**What needs to be done:** Return the lines that run from the line containing "Ця повсякденна куртка" through the end of the entries, both ends included. Leave out all pictures.

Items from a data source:
----

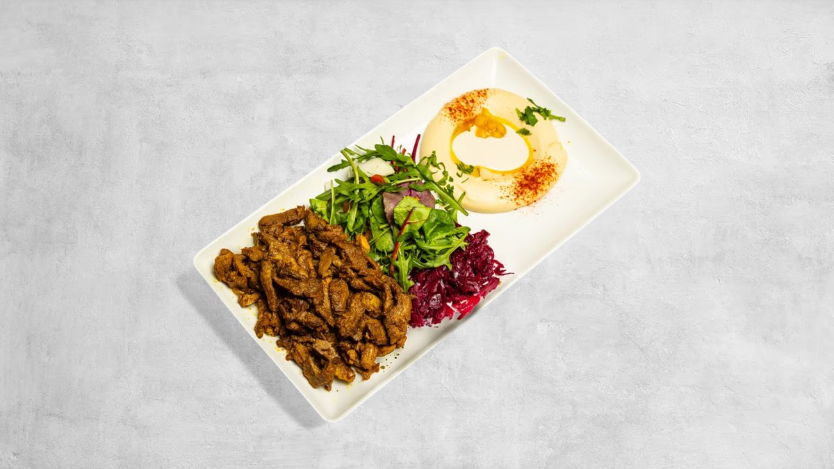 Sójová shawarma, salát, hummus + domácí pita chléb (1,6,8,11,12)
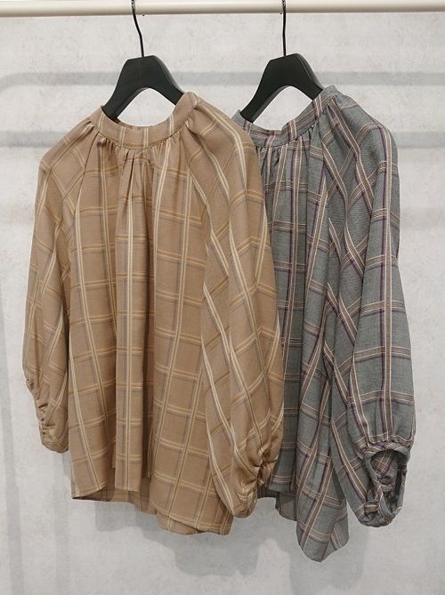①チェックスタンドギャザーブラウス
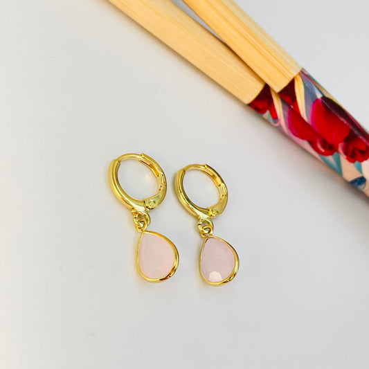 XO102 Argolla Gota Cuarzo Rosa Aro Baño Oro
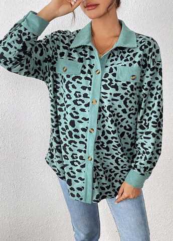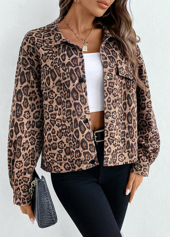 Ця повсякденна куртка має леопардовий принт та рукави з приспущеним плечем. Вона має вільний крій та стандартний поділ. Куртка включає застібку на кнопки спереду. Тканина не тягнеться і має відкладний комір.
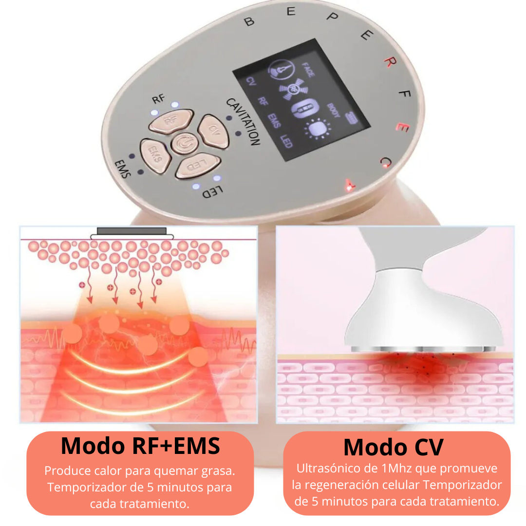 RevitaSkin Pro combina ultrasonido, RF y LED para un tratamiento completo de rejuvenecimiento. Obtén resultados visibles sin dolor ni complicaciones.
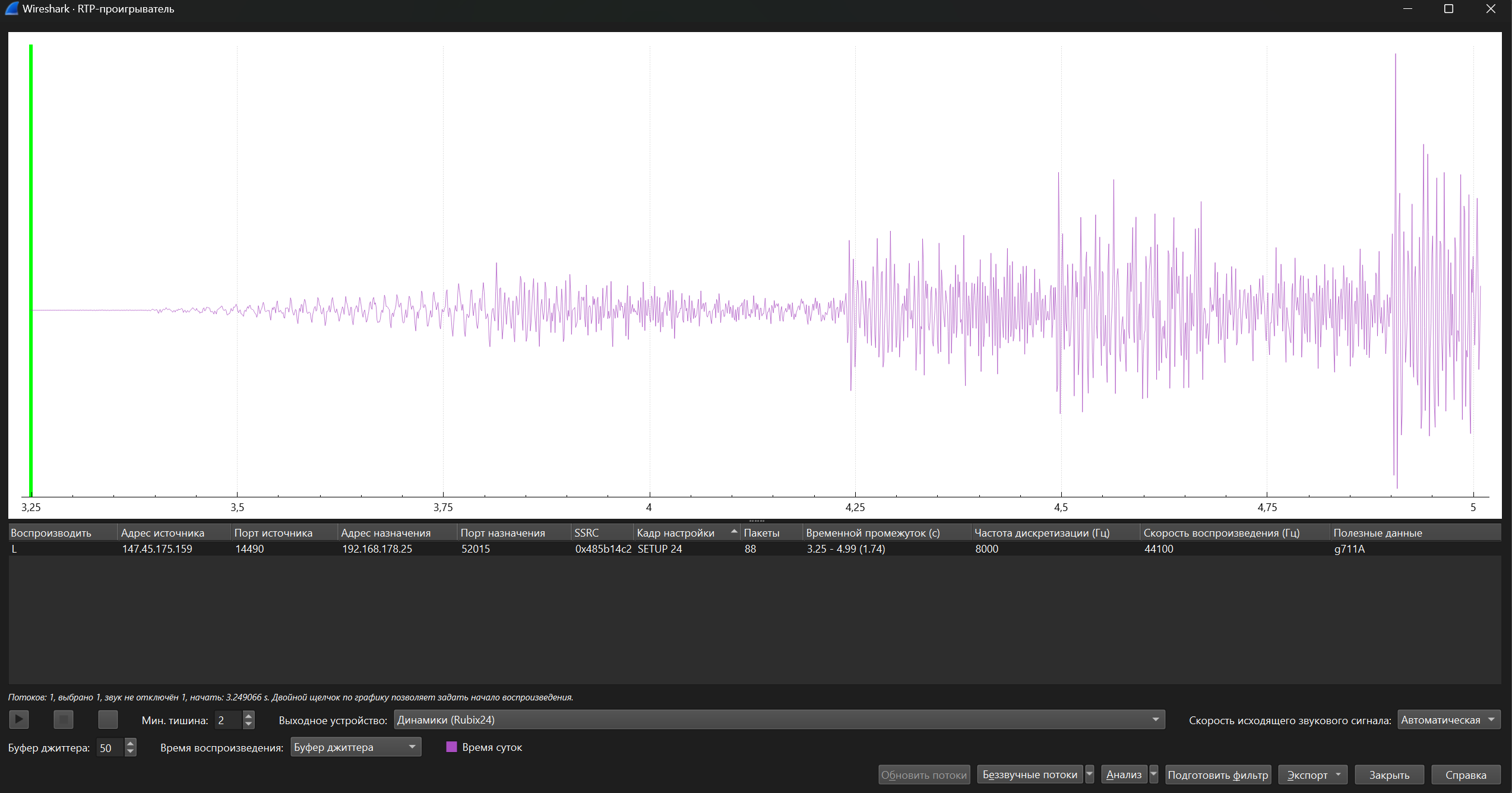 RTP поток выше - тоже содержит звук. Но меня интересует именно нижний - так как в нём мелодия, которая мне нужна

----

**Result of this exercise:**
 Ця повсякденна куртка має леопардовий принт та рукави з приспущеним плечем. Вона має вільний крій та стандартний поділ. Куртка включає застібку на кнопки спереду. Тканина не тягнеться і має відкладний комір.
 RevitaSkin Pro combina ultrasonido, RF y LED para un tratamiento completo de rejuvenecimiento. Obtén resultados visibles sin dolor ni complicaciones.
 RTP поток выше - тоже содержит звук. Но меня интересует именно нижний - так как в нём мелодия, которая мне нужна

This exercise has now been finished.